▸ Problem to solve
Beginning with the line that has "党委召开2021年秋季学期党" and ending with the line that has "Pat cu mecanism", retype the entries below exactly, except for the pictures.

▸ Available records
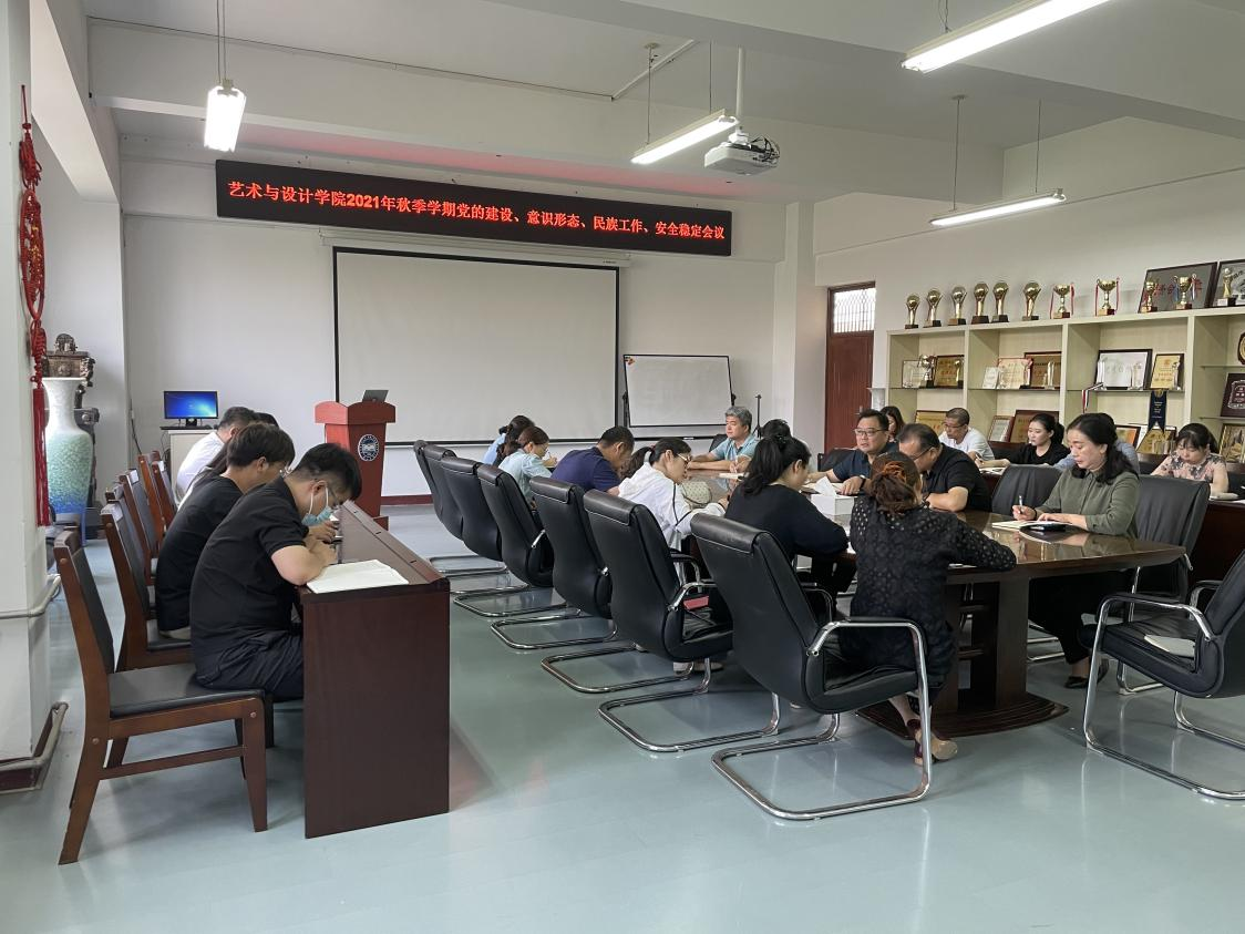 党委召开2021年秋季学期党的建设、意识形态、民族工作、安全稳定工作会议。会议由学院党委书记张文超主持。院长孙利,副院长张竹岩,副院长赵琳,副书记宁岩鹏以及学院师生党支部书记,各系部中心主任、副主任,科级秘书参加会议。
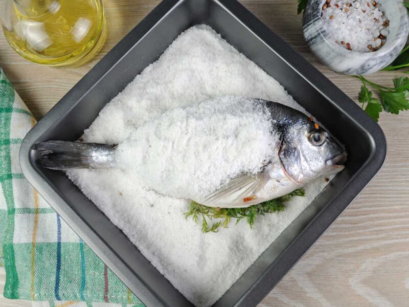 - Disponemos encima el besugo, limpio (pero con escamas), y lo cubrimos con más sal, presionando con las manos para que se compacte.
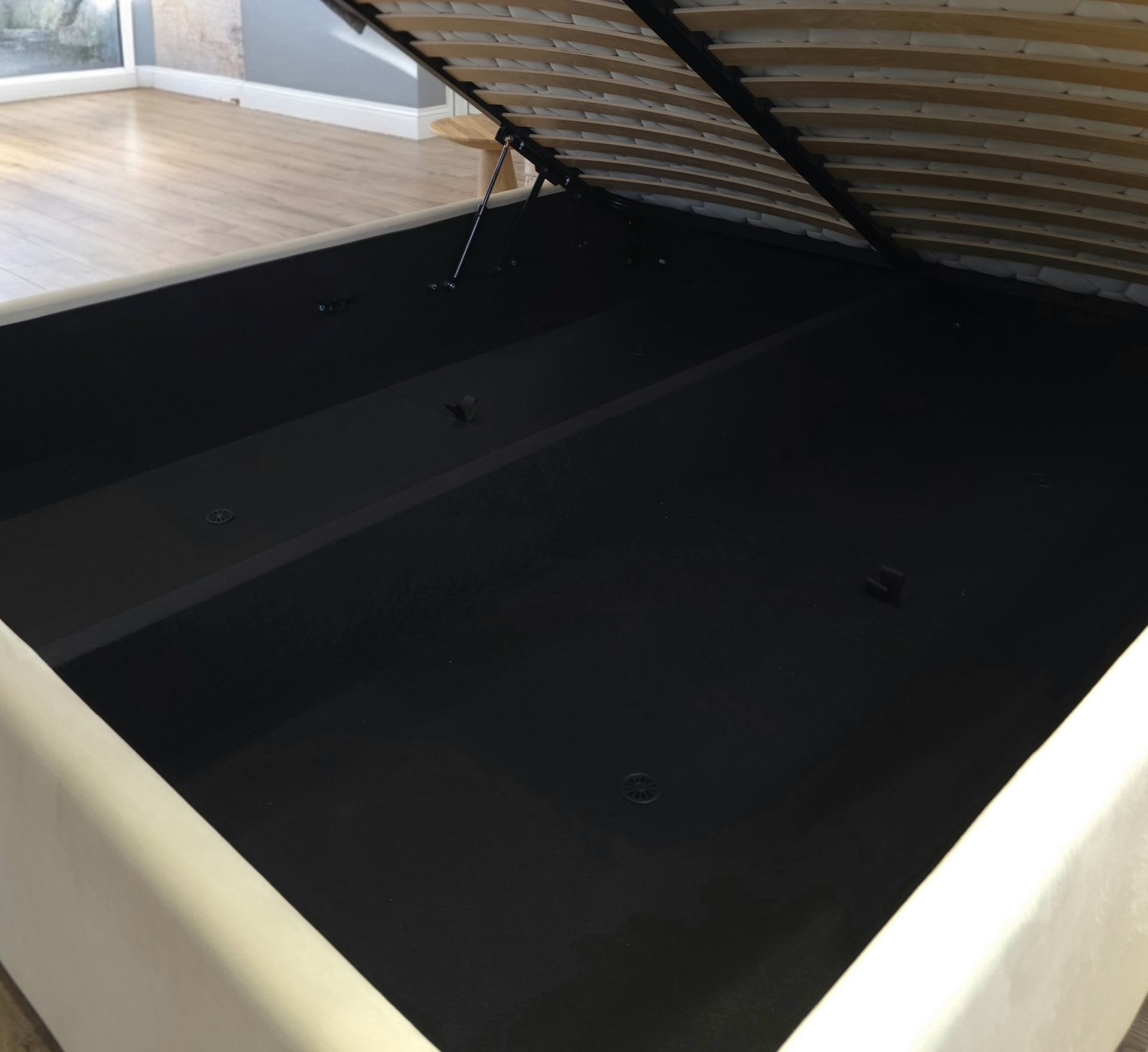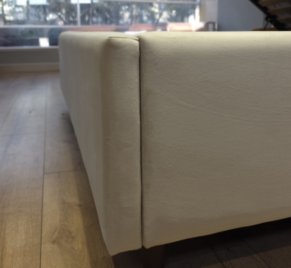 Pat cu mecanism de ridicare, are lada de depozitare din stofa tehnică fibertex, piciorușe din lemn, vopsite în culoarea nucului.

...

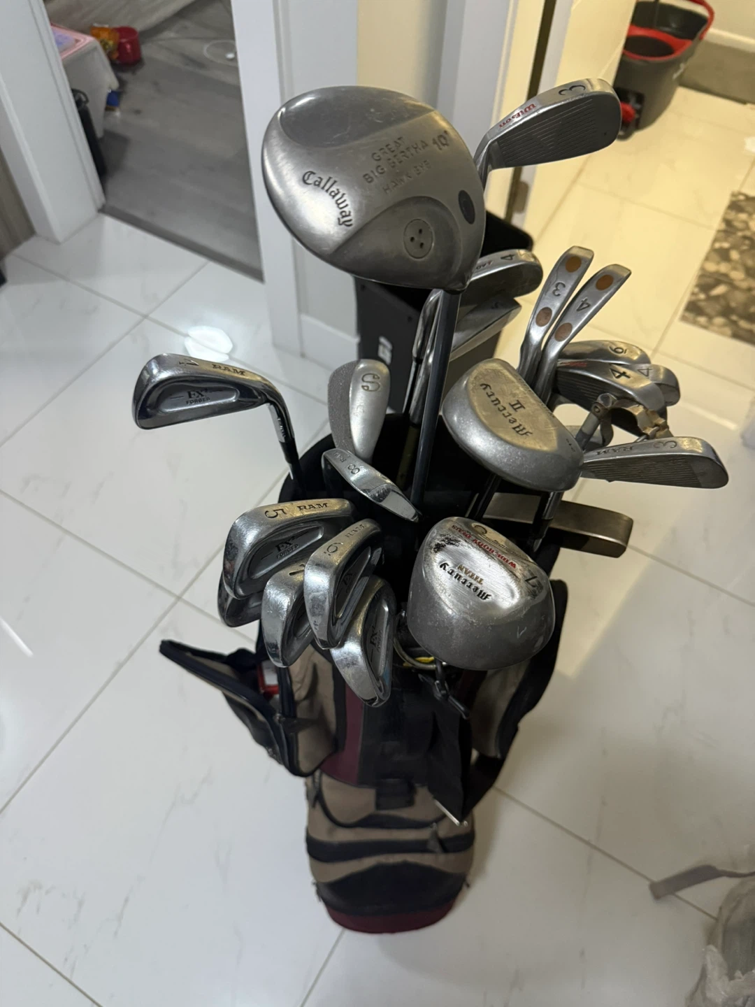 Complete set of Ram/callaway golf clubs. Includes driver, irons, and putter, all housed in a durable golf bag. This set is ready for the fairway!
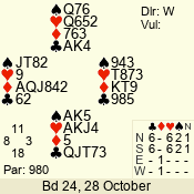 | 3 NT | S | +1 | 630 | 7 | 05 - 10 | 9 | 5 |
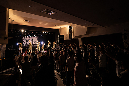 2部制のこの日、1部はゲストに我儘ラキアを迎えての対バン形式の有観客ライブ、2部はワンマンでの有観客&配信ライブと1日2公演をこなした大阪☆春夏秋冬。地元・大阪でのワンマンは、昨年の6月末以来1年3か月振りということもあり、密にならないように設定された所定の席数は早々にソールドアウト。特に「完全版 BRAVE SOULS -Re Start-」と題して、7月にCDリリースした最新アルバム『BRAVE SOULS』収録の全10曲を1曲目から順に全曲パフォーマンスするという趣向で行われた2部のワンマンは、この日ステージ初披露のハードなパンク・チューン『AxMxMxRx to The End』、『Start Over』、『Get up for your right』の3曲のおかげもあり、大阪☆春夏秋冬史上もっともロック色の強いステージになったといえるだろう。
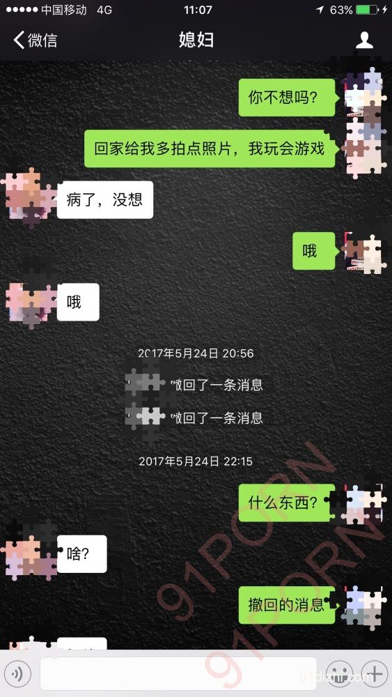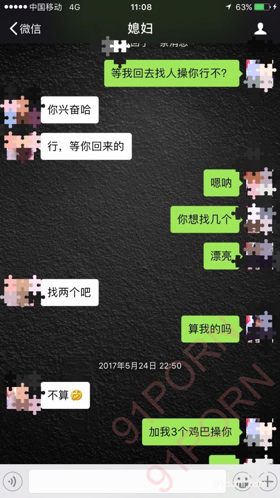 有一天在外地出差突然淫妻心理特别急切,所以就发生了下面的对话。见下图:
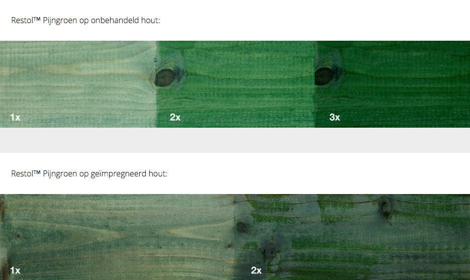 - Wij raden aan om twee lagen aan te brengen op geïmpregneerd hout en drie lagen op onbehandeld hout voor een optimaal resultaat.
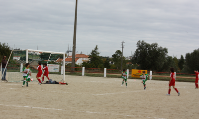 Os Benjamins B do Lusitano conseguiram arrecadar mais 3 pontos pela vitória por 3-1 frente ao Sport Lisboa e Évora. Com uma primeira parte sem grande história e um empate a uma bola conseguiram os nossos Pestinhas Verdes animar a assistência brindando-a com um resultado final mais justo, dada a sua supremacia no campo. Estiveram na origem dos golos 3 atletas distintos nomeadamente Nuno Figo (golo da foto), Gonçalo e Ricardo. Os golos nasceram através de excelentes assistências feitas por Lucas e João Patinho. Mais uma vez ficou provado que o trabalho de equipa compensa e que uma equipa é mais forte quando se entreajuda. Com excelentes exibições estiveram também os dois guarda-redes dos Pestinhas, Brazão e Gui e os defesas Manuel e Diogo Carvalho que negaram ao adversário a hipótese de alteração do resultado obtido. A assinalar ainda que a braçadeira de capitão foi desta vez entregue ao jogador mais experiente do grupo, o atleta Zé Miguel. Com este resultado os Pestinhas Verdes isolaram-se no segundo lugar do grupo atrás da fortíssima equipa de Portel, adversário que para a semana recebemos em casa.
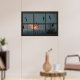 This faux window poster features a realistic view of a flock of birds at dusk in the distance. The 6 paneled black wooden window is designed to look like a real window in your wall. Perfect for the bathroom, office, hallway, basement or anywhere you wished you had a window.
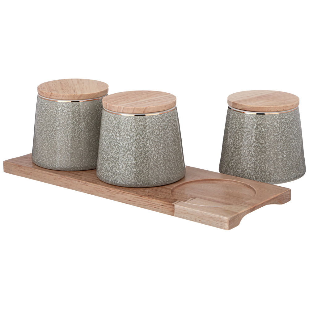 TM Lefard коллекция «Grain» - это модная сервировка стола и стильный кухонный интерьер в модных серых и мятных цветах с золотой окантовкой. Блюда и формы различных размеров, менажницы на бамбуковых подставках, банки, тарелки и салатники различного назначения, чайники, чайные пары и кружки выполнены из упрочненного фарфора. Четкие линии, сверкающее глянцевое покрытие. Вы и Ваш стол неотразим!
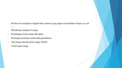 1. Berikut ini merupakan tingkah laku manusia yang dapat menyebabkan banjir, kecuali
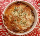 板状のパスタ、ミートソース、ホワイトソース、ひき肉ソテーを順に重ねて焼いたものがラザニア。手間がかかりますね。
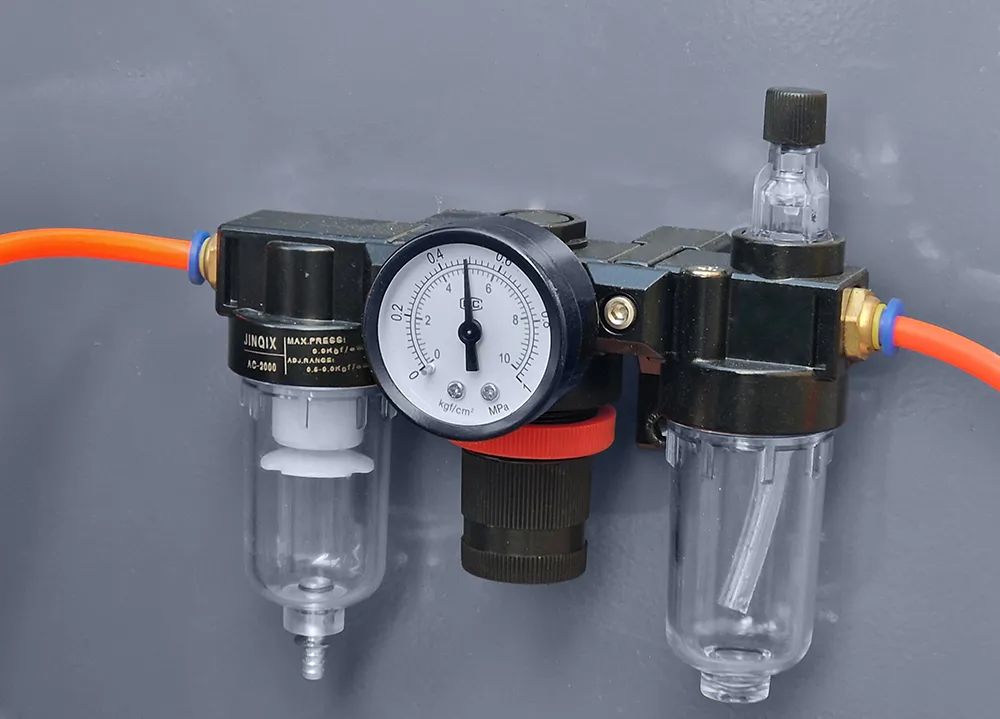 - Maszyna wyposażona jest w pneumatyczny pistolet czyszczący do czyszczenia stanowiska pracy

▸ Completed exercise
 党委召开2021年秋季学期党的建设、意识形态、民族工作、安全稳定工作会议。会议由学院党委书记张文超主持。院长孙利,副院长张竹岩,副院长赵琳,副书记宁岩鹏以及学院师生党支部书记,各系部中心主任、副主任,科级秘书参加会议。
 - Disponemos encima el besugo, limpio (pero con escamas), y lo cubrimos con más sal, presionando con las manos para que se compacte.
 Pat cu mecanism de ridicare, are lada de depozitare din stofa tehnică fibertex, piciorușe din lemn, vopsite în culoarea nucului.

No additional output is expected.